STORED DATA |
○ ○ ○ ○

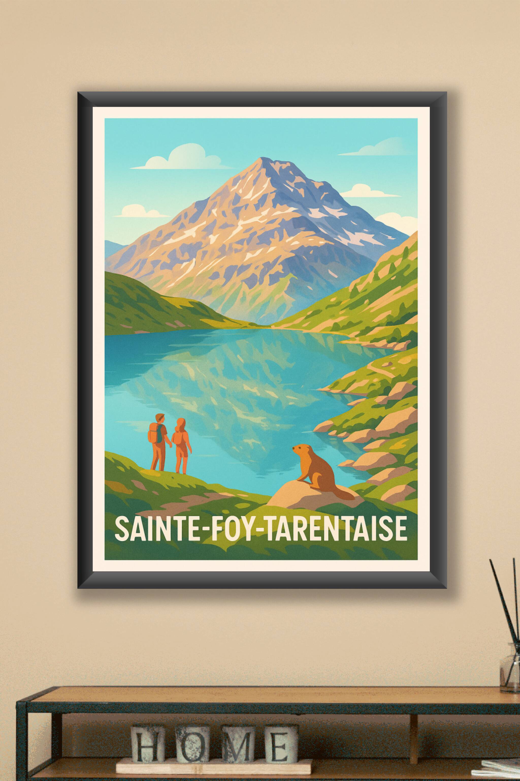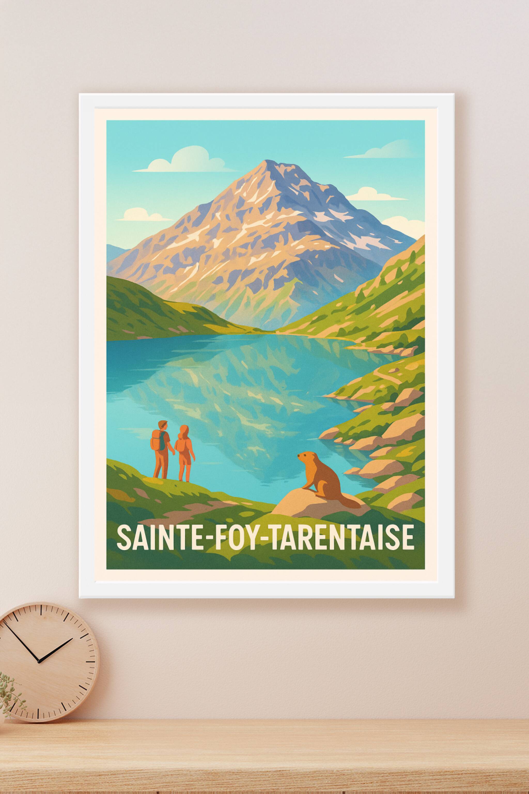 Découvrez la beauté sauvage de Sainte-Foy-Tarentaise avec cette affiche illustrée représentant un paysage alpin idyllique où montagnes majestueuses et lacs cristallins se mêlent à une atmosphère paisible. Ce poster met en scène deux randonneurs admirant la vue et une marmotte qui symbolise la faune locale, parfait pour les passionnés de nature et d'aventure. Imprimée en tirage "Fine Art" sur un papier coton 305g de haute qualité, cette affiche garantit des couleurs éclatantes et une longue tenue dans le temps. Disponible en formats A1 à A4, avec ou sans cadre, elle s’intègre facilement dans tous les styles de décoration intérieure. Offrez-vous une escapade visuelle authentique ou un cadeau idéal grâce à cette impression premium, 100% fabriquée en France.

○ ○ ○ ○

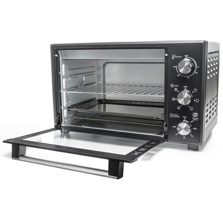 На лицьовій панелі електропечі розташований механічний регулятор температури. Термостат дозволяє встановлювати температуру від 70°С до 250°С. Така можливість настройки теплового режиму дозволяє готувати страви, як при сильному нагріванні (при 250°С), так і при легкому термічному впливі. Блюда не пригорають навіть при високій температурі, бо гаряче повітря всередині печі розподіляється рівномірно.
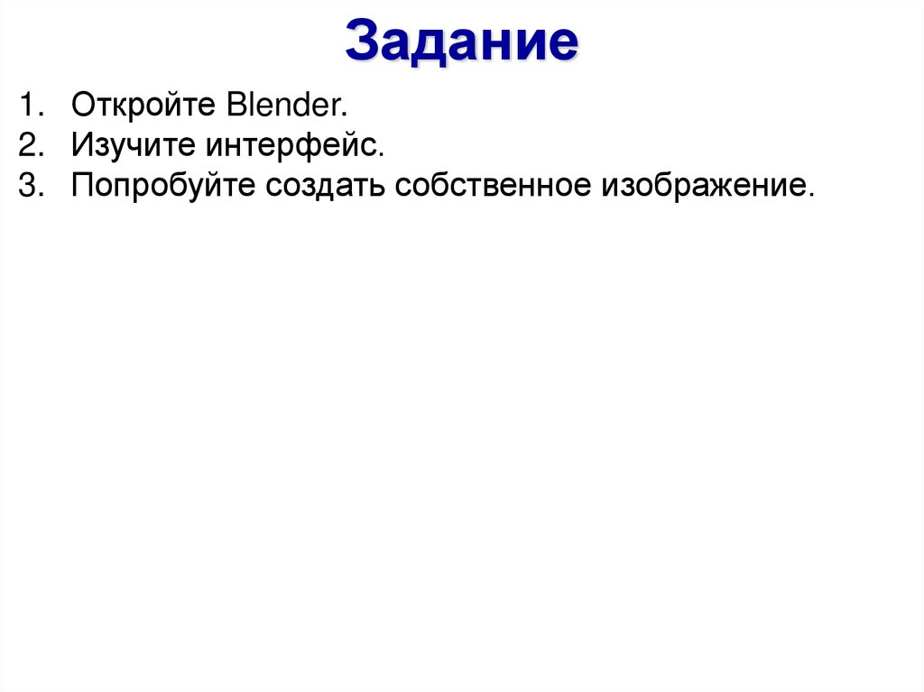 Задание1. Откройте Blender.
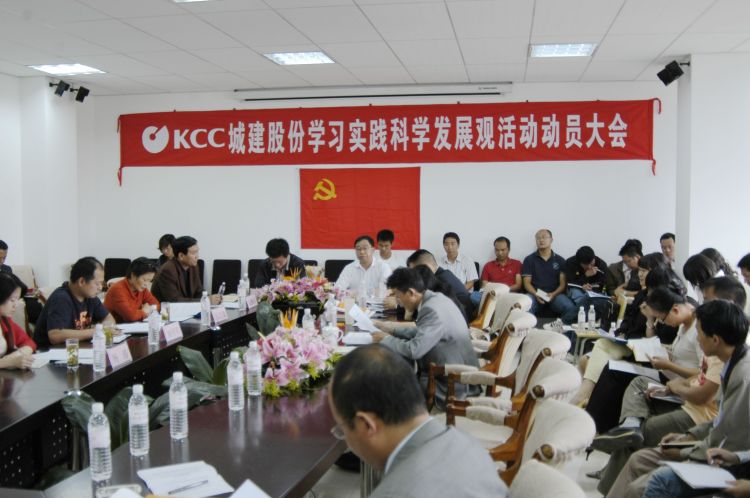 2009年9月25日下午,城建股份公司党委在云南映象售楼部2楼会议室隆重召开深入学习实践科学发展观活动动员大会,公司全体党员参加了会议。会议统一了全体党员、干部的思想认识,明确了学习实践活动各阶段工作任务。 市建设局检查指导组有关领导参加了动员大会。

○ ○ ○ ○

WHAT TO WORK ON |
Among the entries above, copy exactly the stretch from the line holding "На лицьовій панелі" through the line holding "2009年9月25日下午,城", leaving out any pictures.

SOLUTION TO THE EXERCISE |
 На лицьовій панелі електропечі розташований механічний регулятор температури. Термостат дозволяє встановлювати температуру від 70°С до 250°С. Така можливість настройки теплового режиму дозволяє готувати страви, як при сильному нагріванні (при 250°С), так і при легкому термічному впливі. Блюда не пригорають навіть при високій температурі, бо гаряче повітря всередині печі розподіляється рівномірно.
 Задание1. Откройте Blender.
 2009年9月25日下午,城建股份公司党委在云南映象售楼部2楼会议室隆重召开深入学习实践科学发展观活动动员大会,公司全体党员参加了会议。会议统一了全体党员、干部的思想认识,明确了学习实践活动各阶段工作任务。 市建设局检查指导组有关领导参加了动员大会。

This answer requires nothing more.